**Task goal:**
Could every line of the data be printed exactly as it reads?

**Saved data entries:**
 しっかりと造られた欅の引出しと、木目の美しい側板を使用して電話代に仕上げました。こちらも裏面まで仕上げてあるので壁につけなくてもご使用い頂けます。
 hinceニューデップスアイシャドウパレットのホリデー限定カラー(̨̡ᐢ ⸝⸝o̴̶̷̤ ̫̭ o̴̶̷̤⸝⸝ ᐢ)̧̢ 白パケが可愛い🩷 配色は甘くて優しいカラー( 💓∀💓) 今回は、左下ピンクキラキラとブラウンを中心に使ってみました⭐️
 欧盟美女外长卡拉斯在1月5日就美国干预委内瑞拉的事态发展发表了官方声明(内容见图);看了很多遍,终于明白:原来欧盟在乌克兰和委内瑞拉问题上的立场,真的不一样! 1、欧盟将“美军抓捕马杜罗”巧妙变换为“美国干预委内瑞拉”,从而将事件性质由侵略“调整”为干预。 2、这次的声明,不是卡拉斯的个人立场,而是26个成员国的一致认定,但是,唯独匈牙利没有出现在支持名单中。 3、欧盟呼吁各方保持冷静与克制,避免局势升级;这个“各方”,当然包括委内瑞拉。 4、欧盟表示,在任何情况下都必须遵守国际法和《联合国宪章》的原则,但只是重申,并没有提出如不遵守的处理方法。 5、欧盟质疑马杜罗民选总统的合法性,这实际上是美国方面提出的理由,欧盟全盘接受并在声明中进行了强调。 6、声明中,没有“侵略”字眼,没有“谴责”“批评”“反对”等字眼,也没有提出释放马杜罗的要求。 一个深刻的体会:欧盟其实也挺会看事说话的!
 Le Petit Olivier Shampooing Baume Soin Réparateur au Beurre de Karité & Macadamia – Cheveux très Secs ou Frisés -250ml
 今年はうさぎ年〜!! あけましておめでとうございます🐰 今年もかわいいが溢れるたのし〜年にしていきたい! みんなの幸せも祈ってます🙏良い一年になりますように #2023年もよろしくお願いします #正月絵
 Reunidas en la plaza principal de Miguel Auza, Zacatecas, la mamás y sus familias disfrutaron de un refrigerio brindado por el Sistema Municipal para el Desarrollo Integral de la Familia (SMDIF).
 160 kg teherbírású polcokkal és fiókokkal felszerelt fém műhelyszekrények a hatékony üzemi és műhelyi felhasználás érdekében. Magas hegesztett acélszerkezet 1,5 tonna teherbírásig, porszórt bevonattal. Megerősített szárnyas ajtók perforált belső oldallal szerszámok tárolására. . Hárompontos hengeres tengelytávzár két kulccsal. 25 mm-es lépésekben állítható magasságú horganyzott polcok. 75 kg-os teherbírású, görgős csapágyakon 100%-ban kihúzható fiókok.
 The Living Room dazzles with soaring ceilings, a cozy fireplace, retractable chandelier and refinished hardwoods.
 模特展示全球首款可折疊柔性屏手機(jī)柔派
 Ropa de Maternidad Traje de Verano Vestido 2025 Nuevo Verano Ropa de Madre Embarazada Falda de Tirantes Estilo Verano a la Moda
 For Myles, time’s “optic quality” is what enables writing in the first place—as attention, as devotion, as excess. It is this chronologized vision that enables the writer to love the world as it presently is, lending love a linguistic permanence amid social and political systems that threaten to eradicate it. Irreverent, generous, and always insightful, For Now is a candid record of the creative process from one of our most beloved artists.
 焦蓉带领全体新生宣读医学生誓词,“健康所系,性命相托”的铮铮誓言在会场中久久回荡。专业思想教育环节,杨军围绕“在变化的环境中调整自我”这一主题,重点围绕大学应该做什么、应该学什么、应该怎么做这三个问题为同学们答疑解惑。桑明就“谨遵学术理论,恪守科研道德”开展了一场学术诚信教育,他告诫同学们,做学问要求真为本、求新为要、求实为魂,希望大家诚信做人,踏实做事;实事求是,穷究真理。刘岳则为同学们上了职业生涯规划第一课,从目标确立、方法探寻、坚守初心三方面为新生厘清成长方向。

**Task solution:**
 しっかりと造られた欅の引出しと、木目の美しい側板を使用して電話代に仕上げました。こちらも裏面まで仕上げてあるので壁につけなくてもご使用い頂けます。
 hinceニューデップスアイシャドウパレットのホリデー限定カラー(̨̡ᐢ ⸝⸝o̴̶̷̤ ̫̭ o̴̶̷̤⸝⸝ ᐢ)̧̢ 白パケが可愛い🩷 配色は甘くて優しいカラー( 💓∀💓) 今回は、左下ピンクキラキラとブラウンを中心に使ってみました⭐️
 欧盟美女外长卡拉斯在1月5日就美国干预委内瑞拉的事态发展发表了官方声明(内容见图);看了很多遍,终于明白:原来欧盟在乌克兰和委内瑞拉问题上的立场,真的不一样! 1、欧盟将“美军抓捕马杜罗”巧妙变换为“美国干预委内瑞拉”,从而将事件性质由侵略“调整”为干预。 2、这次的声明,不是卡拉斯的个人立场,而是26个成员国的一致认定,但是,唯独匈牙利没有出现在支持名单中。 3、欧盟呼吁各方保持冷静与克制,避免局势升级;这个“各方”,当然包括委内瑞拉。 4、欧盟表示,在任何情况下都必须遵守国际法和《联合国宪章》的原则,但只是重申,并没有提出如不遵守的处理方法。 5、欧盟质疑马杜罗民选总统的合法性,这实际上是美国方面提出的理由,欧盟全盘接受并在声明中进行了强调。 6、声明中,没有“侵略”字眼,没有“谴责”“批评”“反对”等字眼,也没有提出释放马杜罗的要求。 一个深刻的体会:欧盟其实也挺会看事说话的!
 Le Petit Olivier Shampooing Baume Soin Réparateur au Beurre de Karité & Macadamia – Cheveux très Secs ou Frisés -250ml
 今年はうさぎ年〜!! あけましておめでとうございます🐰 今年もかわいいが溢れるたのし〜年にしていきたい! みんなの幸せも祈ってます🙏良い一年になりますように #2023年もよろしくお願いします #正月絵
 Reunidas en la plaza principal de Miguel Auza, Zacatecas, la mamás y sus familias disfrutaron de un refrigerio brindado por el Sistema Municipal para el Desarrollo Integral de la Familia (SMDIF).
 160 kg teherbírású polcokkal és fiókokkal felszerelt fém műhelyszekrények a hatékony üzemi és műhelyi felhasználás érdekében. Magas hegesztett acélszerkezet 1,5 tonna teherbírásig, porszórt bevonattal. Megerősített szárnyas ajtók perforált belső oldallal szerszámok tárolására. . Hárompontos hengeres tengelytávzár két kulccsal. 25 mm-es lépésekben állítható magasságú horganyzott polcok. 75 kg-os teherbírású, görgős csapágyakon 100%-ban kihúzható fiókok.
 The Living Room dazzles with soaring ceilings, a cozy fireplace, retractable chandelier and refinished hardwoods.
 模特展示全球首款可折疊柔性屏手機(jī)柔派
 Ropa de Maternidad Traje de Verano Vestido 2025 Nuevo Verano Ropa de Madre Embarazada Falda de Tirantes Estilo Verano a la Moda
 For Myles, time’s “optic quality” is what enables writing in the first place—as attention, as devotion, as excess. It is this chronologized vision that enables the writer to love the world as it presently is, lending love a linguistic permanence amid social and political systems that threaten to eradicate it. Irreverent, generous, and always insightful, For Now is a candid record of the creative process from one of our most beloved artists.
 焦蓉带领全体新生宣读医学生誓词,“健康所系,性命相托”的铮铮誓言在会场中久久回荡。专业思想教育环节,杨军围绕“在变化的环境中调整自我”这一主题,重点围绕大学应该做什么、应该学什么、应该怎么做这三个问题为同学们答疑解惑。桑明就“谨遵学术理论,恪守科研道德”开展了一场学术诚信教育,他告诫同学们,做学问要求真为本、求新为要、求实为魂,希望大家诚信做人,踏实做事;实事求是,穷究真理。刘岳则为同学们上了职业生涯规划第一课,从目标确立、方法探寻、坚守初心三方面为新生厘清成长方向。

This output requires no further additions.